Mikhail Kasimov氏の個人情報をさらして脅迫するツイート（元のツイートからフルネーム、生年月日、住所は加工されている）

　これらのメッセージは、戦地で活動するリサーチャーのKasimov氏など、受信者を不安にさせたに違いない。だがUnit 42によると、標的とされたリサーチャーたちは気後れすることなく、これらの脅迫メッセージを受信した後の数週間もTrident Ursaに関するIoCをツイートしており、現在もこのAPT攻撃グループの新たなIoCを日常的に発信し続けている。

リンクを介することでセキュリティチェックを回避

　Trident Ursaが頻繁に利用しているマルウェアも明らかになった。

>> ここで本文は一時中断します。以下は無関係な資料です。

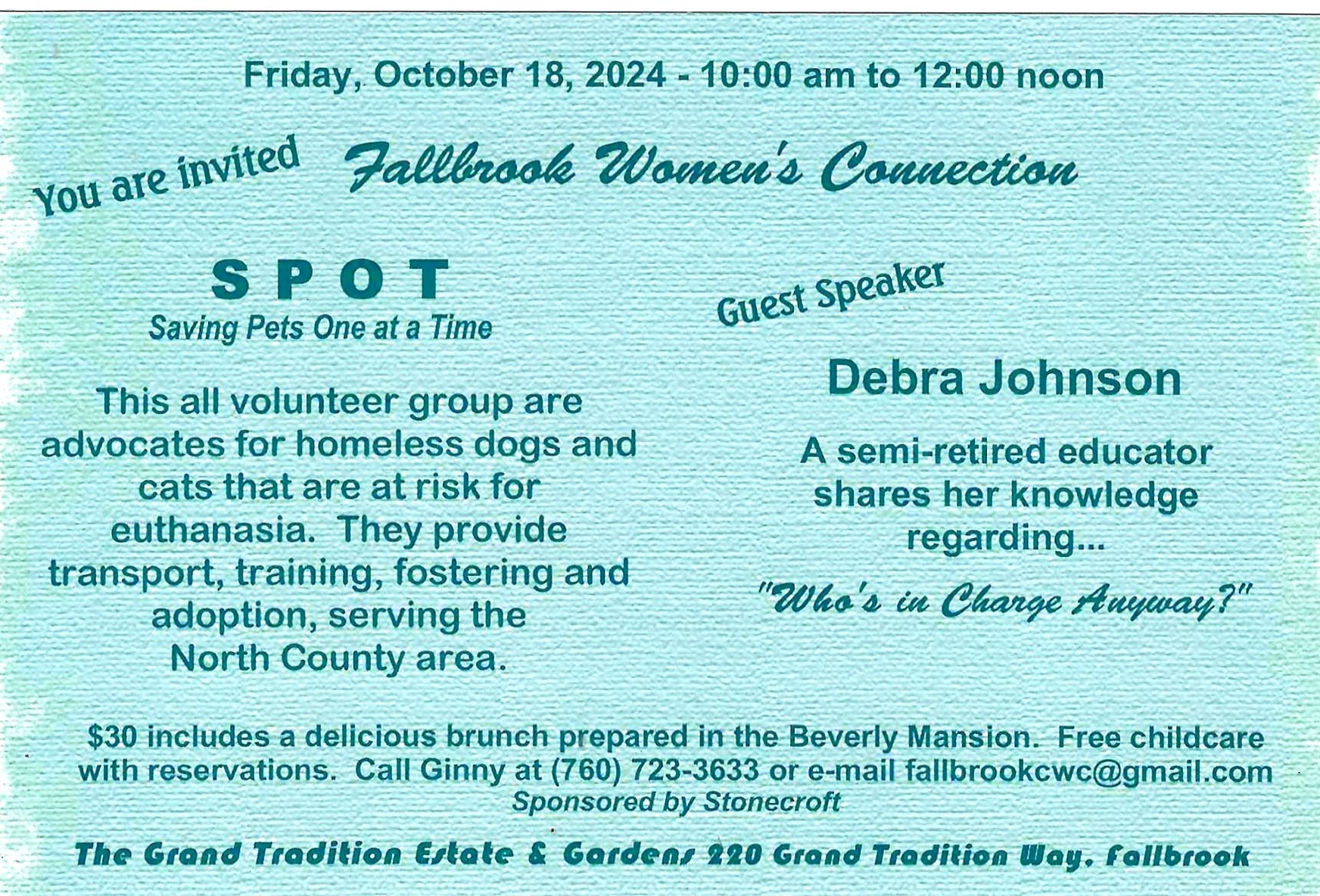 Fallbrook Women's Connection - Saving One Pet at a Time

HTMLファイルや「Microsoft Word」文書を使っており、ランダムに生成された変数名を持つ「VBScript」や文字列の連結によって難読化されていることが特徴だ。

　HTMLファイルを使ったフィッシングの手口では、フィッシングメールに直接添付するか、リンクを介してHTMLファイルを配信し、電子メールの脅威スキャンを回避しようとしていた。HTMLファイルには、Base64エンコードされたRARアーカイブファイルが含まれており、その中には、悪意のある「.lnk」ファイル（Windowsのショートカットファイル）が含まれている。ユーザーがそれをクリックすると、.lnkファイルに記載されたURLを経由し、RTFファイル（Rich Text Formatファイル）をダウンロードする仕組みだ。

.lnkファイルを使うフィッシング攻撃フロー

　その際、Trident Ursaは利用者の位置情報を利用してダウンロードする地域を限定していた。Unit 42が確認した例ではウクライナに限定されており、ウクライナ内の「ExpressVPN」と「NordVPN」のノードをブロックすることで、脅威リサーチャーを妨害しようとしているようだ。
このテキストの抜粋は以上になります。